Problem —
Copy out the entire listing below exactly, but without its pictures.

Provided material —
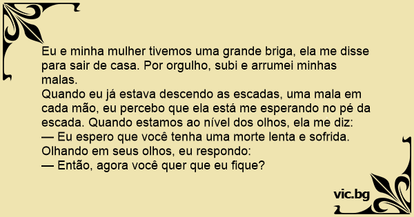Eu e minha mulher tivemos uma grande briga, ela me disse para sair de casa. Por orgulho, subi e arrumei minhas malas.
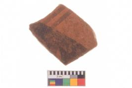 | Description / विवरण | Specimen of potsherd with decorative geometric painting, Type Black on Red ware . |
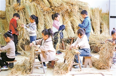 近日,江蘇如皋經濟技術開發(fā)區(qū)實驗幼兒園的小朋友在學習編草簾。大雪節(jié)氣剛過,該園開展知民俗,弘揚傳統(tǒng)文化活動,教師帶領小朋友走進田野,學習用秸稈編織草繩、草簾,用于包裹過冬果樹。

Result —
Eu e minha mulher tivemos uma grande briga, ela me disse para sair de casa. Por orgulho, subi e arrumei minhas malas.
 | Description / विवरण | Specimen of potsherd with decorative geometric painting, Type Black on Red ware . |
 近日,江蘇如皋經濟技術開發(fā)區(qū)實驗幼兒園的小朋友在學習編草簾。大雪節(jié)氣剛過,該園開展知民俗,弘揚傳統(tǒng)文化活動,教師帶領小朋友走進田野,學習用秸稈編織草繩、草簾,用于包裹過冬果樹。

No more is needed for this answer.